◆ **Entries shown**:

-- Opening Marker --

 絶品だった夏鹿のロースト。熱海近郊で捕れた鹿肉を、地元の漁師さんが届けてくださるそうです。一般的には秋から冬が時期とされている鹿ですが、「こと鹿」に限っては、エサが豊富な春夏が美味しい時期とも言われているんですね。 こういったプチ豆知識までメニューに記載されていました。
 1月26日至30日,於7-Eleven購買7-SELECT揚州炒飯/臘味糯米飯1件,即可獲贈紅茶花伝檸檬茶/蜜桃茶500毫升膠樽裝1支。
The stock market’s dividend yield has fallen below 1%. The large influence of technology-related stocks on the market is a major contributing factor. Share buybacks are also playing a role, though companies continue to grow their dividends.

-- Closing Marker --
-- Opening Marker --

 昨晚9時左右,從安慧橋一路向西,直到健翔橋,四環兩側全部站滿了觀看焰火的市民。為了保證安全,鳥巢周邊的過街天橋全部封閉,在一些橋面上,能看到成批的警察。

-- Closing Marker --

◆ **Problem requirements**:
In the entries above, find the line with "絶品だった夏鹿のロースト。熱" and the line with "The stock market’s", then restate word for word both of them and every line between, with nothing more.

◆ **Response box**:
 絶品だった夏鹿のロースト。熱海近郊で捕れた鹿肉を、地元の漁師さんが届けてくださるそうです。一般的には秋から冬が時期とされている鹿ですが、「こと鹿」に限っては、エサが豊富な春夏が美味しい時期とも言われているんですね。 こういったプチ豆知識までメニューに記載されていました。
 1月26日至30日,於7-Eleven購買7-SELECT揚州炒飯/臘味糯米飯1件,即可獲贈紅茶花伝檸檬茶/蜜桃茶500毫升膠樽裝1支。
The stock market’s dividend yield has fallen below 1%. The large influence of technology-related stocks on the market is a major contributing factor. Share buybacks are also playing a role, though companies continue to grow their dividends.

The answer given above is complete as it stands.